Task requirements |
Give back exactly the lines that start at the one containing "Uma cena épica" and run to the end of the material, leaving out the pictures.

Data records |
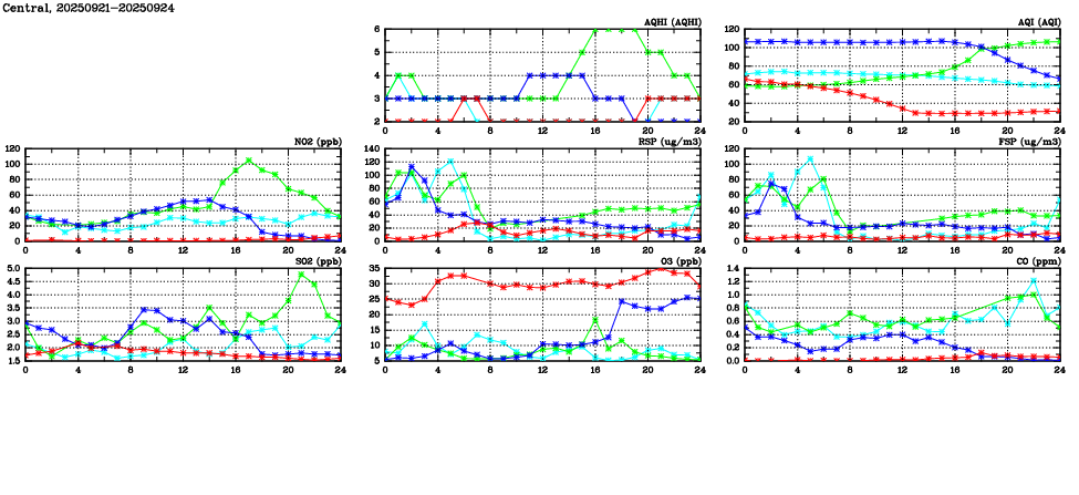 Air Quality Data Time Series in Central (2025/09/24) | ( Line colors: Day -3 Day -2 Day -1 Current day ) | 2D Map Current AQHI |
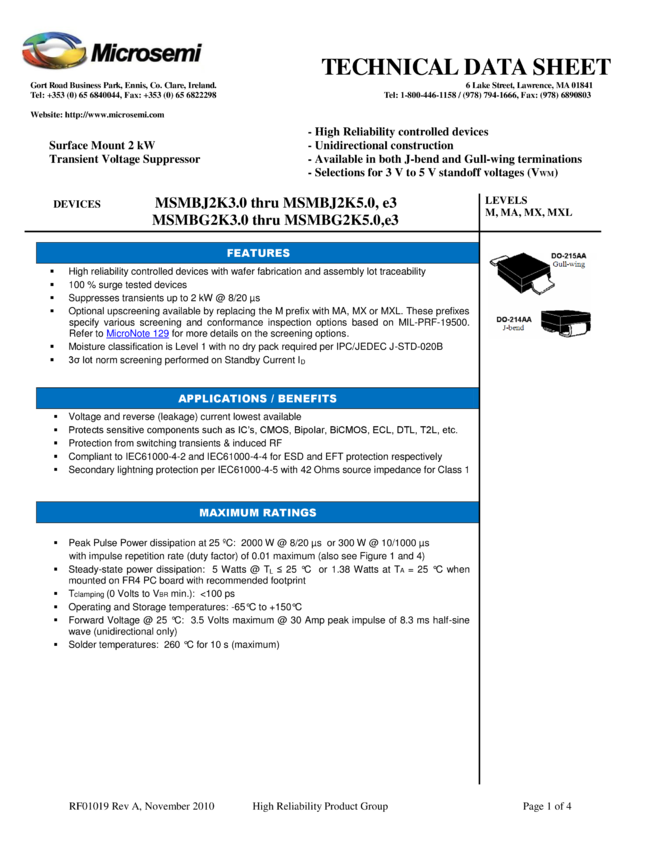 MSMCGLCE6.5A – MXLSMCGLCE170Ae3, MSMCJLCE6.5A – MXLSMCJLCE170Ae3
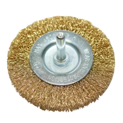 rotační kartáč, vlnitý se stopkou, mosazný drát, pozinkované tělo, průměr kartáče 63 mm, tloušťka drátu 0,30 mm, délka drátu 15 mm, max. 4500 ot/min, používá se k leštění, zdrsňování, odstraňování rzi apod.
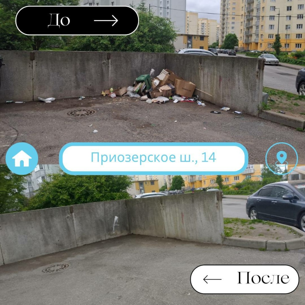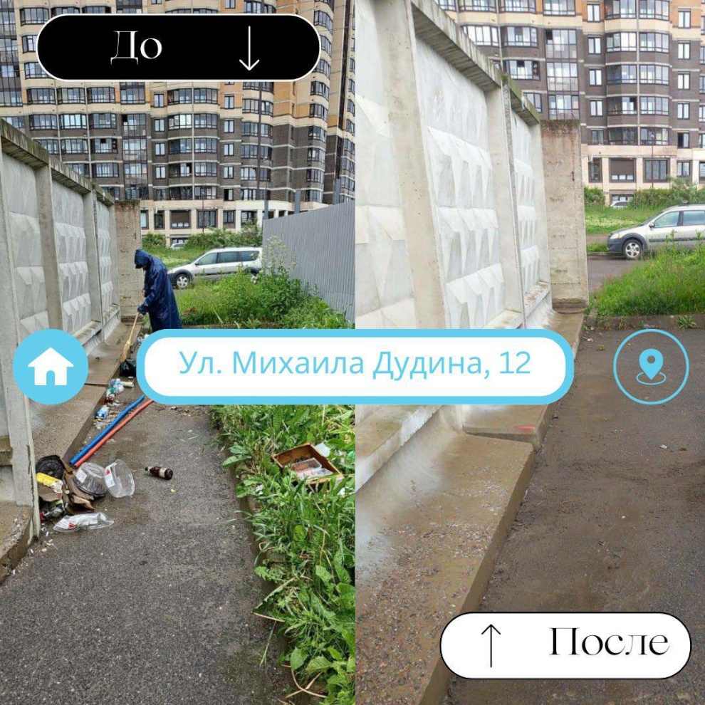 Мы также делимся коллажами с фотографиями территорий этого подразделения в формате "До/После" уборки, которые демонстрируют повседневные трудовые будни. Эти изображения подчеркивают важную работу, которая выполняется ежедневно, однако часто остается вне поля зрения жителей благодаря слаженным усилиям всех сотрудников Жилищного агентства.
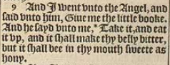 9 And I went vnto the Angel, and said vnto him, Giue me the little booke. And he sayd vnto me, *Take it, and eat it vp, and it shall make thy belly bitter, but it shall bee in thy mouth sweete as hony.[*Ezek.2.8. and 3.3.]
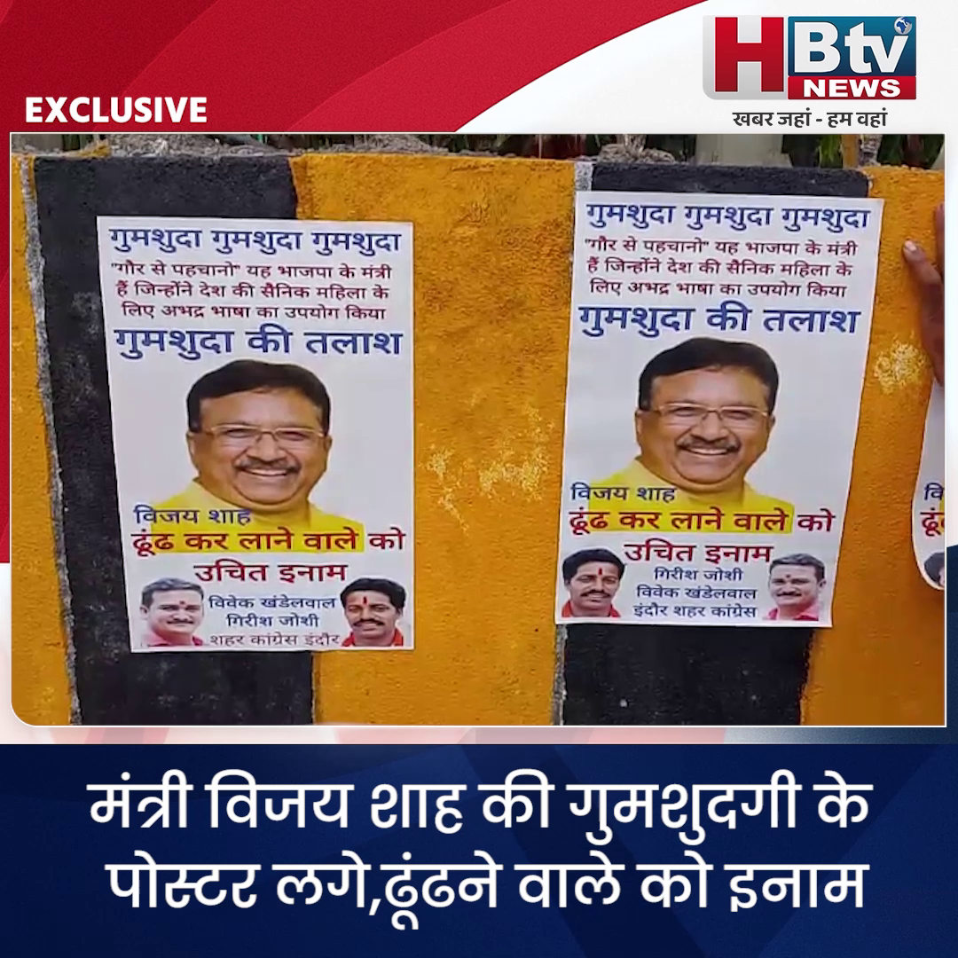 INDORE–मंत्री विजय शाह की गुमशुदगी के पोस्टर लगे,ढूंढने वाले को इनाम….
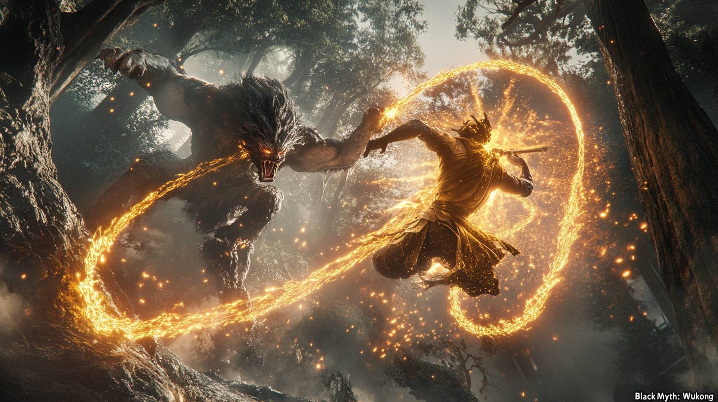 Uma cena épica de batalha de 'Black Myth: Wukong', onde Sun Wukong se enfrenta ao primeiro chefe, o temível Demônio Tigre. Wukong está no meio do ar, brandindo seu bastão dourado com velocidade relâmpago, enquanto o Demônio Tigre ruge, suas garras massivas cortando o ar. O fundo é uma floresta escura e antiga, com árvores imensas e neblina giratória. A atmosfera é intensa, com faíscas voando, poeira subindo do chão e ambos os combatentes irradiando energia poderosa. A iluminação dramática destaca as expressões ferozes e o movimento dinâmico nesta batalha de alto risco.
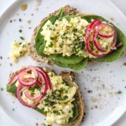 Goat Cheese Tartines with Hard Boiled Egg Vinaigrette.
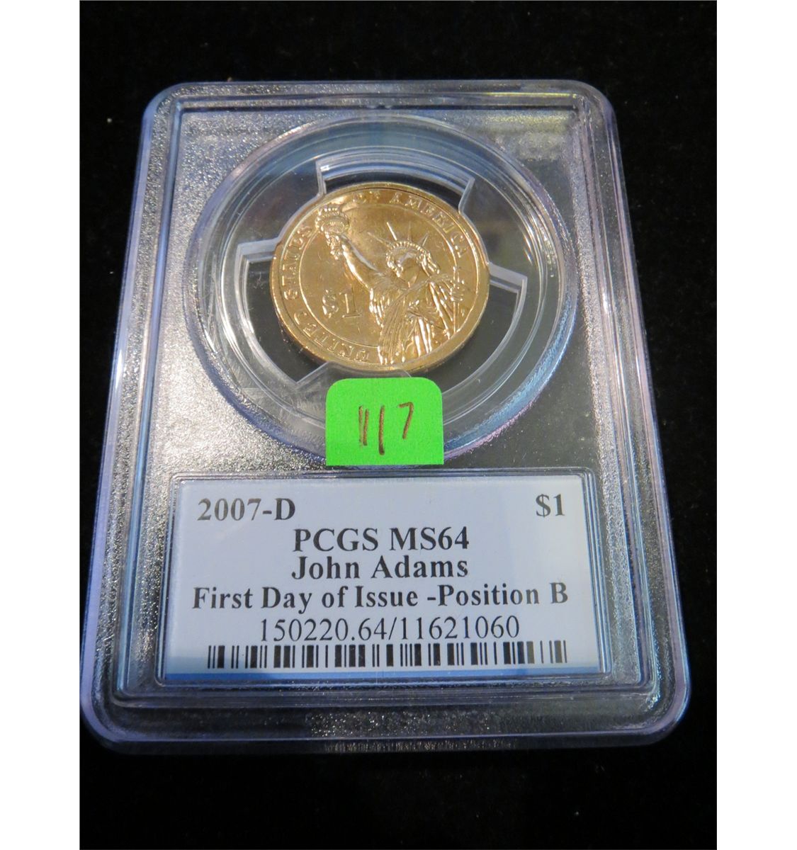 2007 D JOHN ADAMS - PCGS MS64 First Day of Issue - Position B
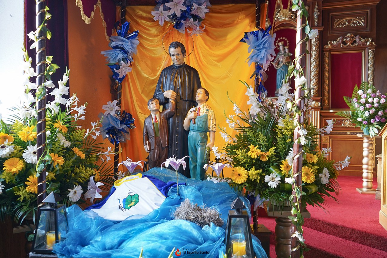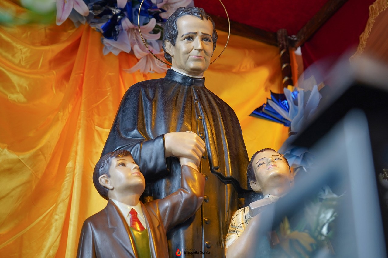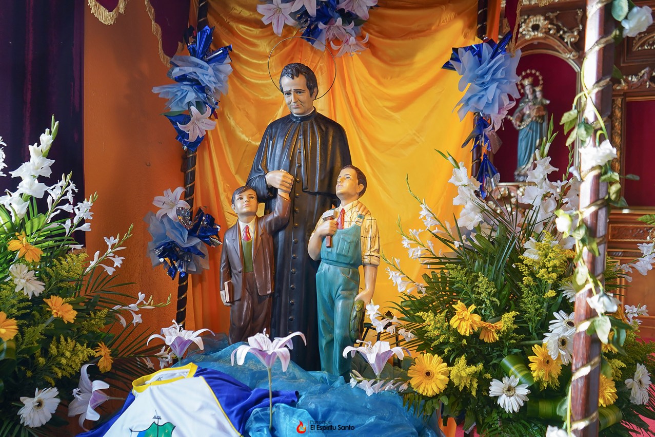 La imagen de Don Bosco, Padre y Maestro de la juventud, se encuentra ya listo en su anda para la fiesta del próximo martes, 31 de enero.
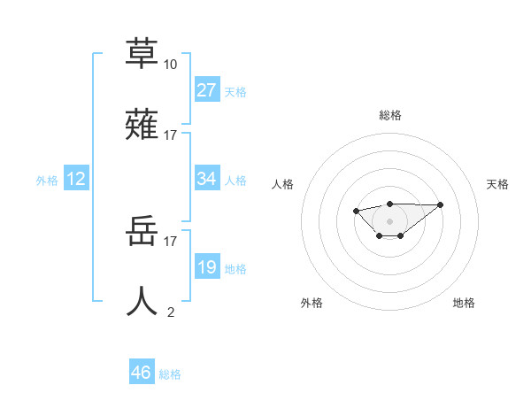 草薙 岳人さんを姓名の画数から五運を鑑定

Task answer |
 Uma cena épica de batalha de 'Black Myth: Wukong', onde Sun Wukong se enfrenta ao primeiro chefe, o temível Demônio Tigre. Wukong está no meio do ar, brandindo seu bastão dourado com velocidade relâmpago, enquanto o Demônio Tigre ruge, suas garras massivas cortando o ar. O fundo é uma floresta escura e antiga, com árvores imensas e neblina giratória. A atmosfera é intensa, com faíscas voando, poeira subindo do chão e ambos os combatentes irradiando energia poderosa. A iluminação dramática destaca as expressões ferozes e o movimento dinâmico nesta batalha de alto risco.
 Goat Cheese Tartines with Hard Boiled Egg Vinaigrette.
 2007 D JOHN ADAMS - PCGS MS64 First Day of Issue - Position B
 La imagen de Don Bosco, Padre y Maestro de la juventud, se encuentra ya listo en su anda para la fiesta del próximo martes, 31 de enero.
 草薙 岳人さんを姓名の画数から五運を鑑定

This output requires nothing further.